Really Hard Ratty has a fixed mindset; he knows that he's good at reading and art but isn't good at maths.  He tries hard in those subjects but thinks he's stupid in maths lessons.  He doesn't try and when he gets stuck he says, "It's really hard."  Work-At-It Wiz (who is sometimes re-named Work-It-Out Wiz) has a growth mindset; he believes that if you put in effort, you can get better at everything.  He tries hard in all subjects, even in subjects that he struggles with.

Using these soft toys - both from Ikea if you're wondering(!) -  immediately gave younger children a starting point for their understanding of mindset.  From the word go, pupils were commenting when someone was "being a Wiz" and recognised the language of the growth mindset.  We discussed changing what we say and watched some videos which showed people being "like Wiz".  

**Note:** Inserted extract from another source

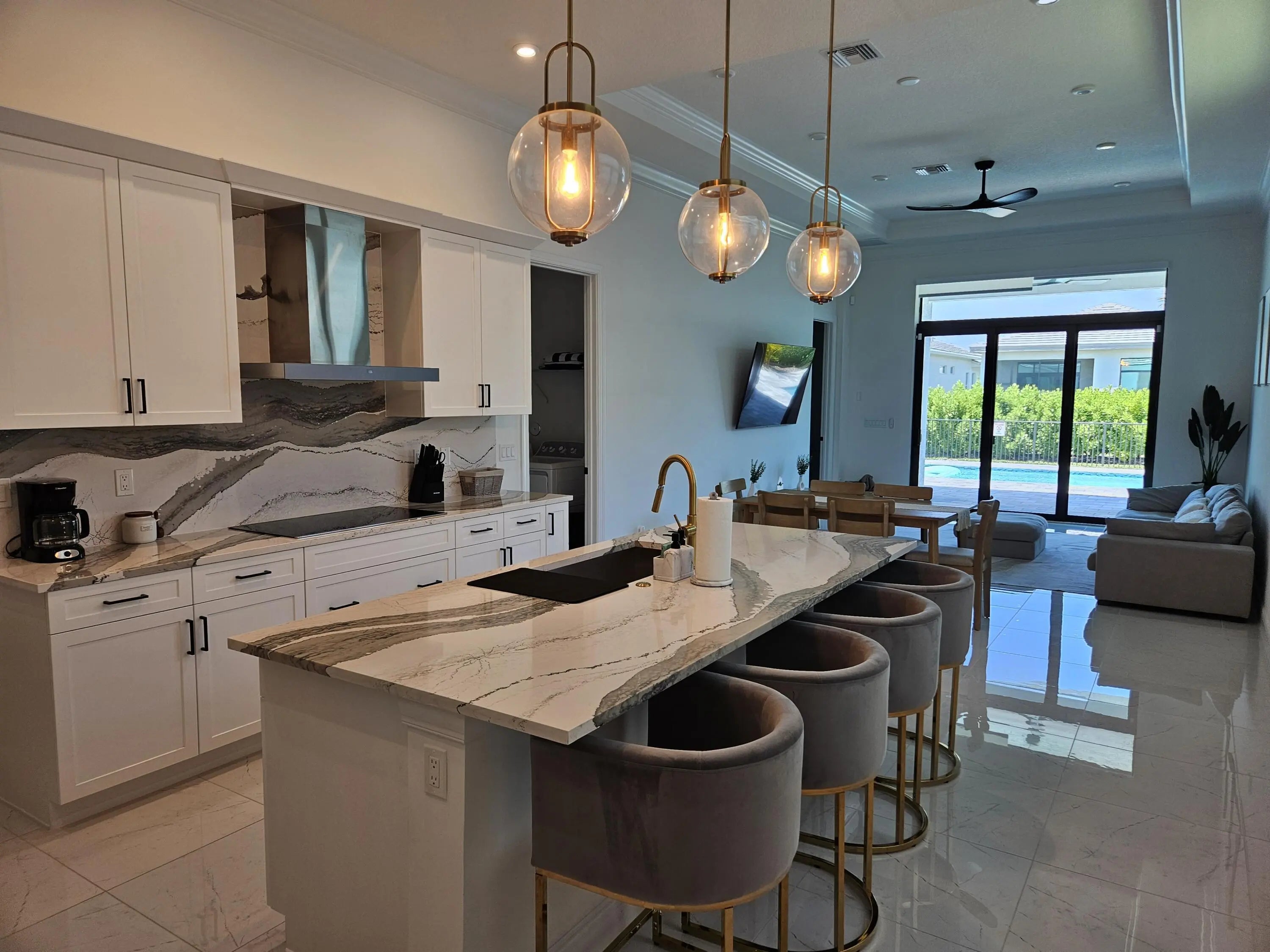 Enjoy life to the fullest in this beautiful 3 bed, plus den-office home fully furnished and equipped with soaring ceilings, bright and airy with open kitchen, porcelain tile throughout, no carpets, laundry inside, epoxy flooring in the garage. This home offers all hurricane impact glass windows, sliders and doors and has a fenced backyard with a private pool! All-inclusive resort amenities in PGA Verano Club Talavera, state of the art fitness center, aerobics studio, sauna & indoor heated Jr Olympic pool/spa. Incredible pickleball community w 27 pickleball courts! Five Har Tru tennis courts, 2 bocce & basketball. Lounge at the gorgeous pool w/ covered lounge & private cabanas, or swim laps in the resistance pool & enjoy the incredible fitness
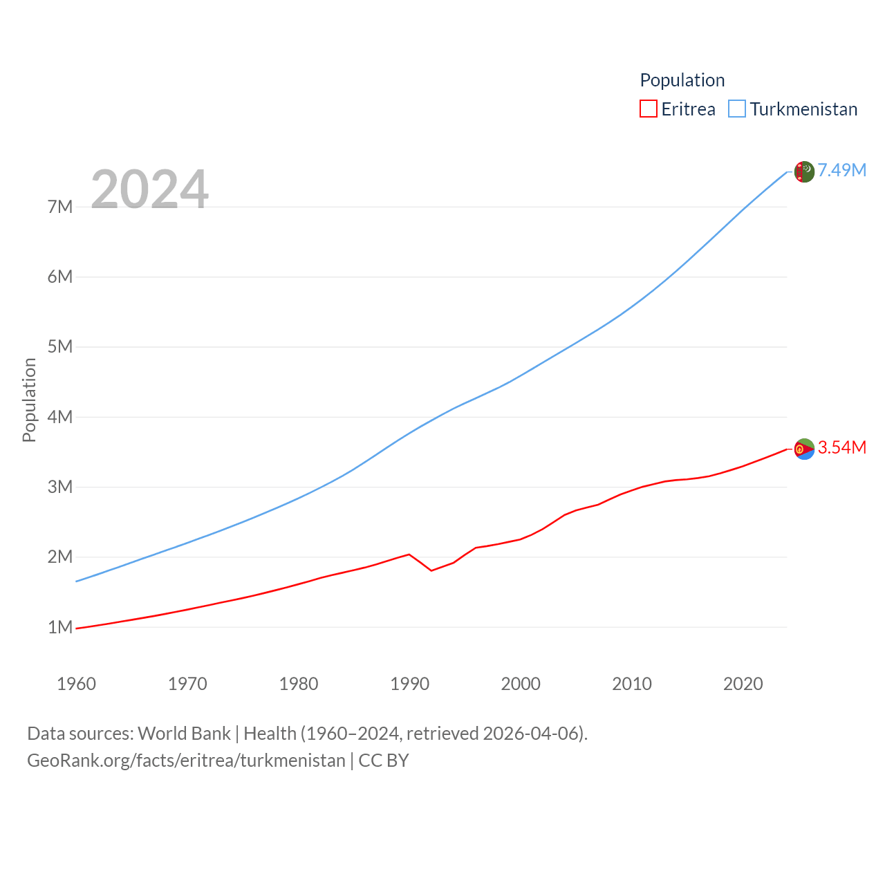 Eritrea has a population of 3.54M (ranked 131/197), compared with 7.49M in Turkmenistan (ranked 104/197). Eritrea's land area is 46,787 sq mi versus 181,441 sq mi for Turkmenistan (ranked 96th vs. 53rd).

Soon after this introduction, we wrote a short assembly about how we had shown that we had growth mindsets in the first few weeks of term.  Children spoke about and showed learning where they had struggled and put a lot of effort in and made progress.  This was a great way of sharing idea of mindsets with the school and giving the children a voice in their learning. 

Growth Mindset in Planning
Having previously been a self-confessed ability-group obsessive, I was beginning to come around to the idea that mixed tables would enable children to learn better.  I begin to plan not for specific groups but for the highest of expectations from my whole class.  Pupil choice became a big part of my planning and I started using my assessment trays, which had previously been an end-of-lesson resource, as the hub of learning.  I planned Good, Amazing and Awesome activities for children to choose.  This made me consider my lowest ability children and how I could support them in achieving the "Awesome" activity.  I began to see children aim far higher than I would have planned for them and used the adults' time in class to support this.  You can read more about how I challenge the whole class here
Good/Amazing/Awesome - Idea stolen from Ian
Assessment Trays
Growth Mindset in the Classroom Environment
I've never been a massive fan of lots of quotes on the walls but there are loads to choose from for the Growth Mindset.  This quote about how practice can help progress has become a mantra in my classroom and is the only quote which I have on display permanently. 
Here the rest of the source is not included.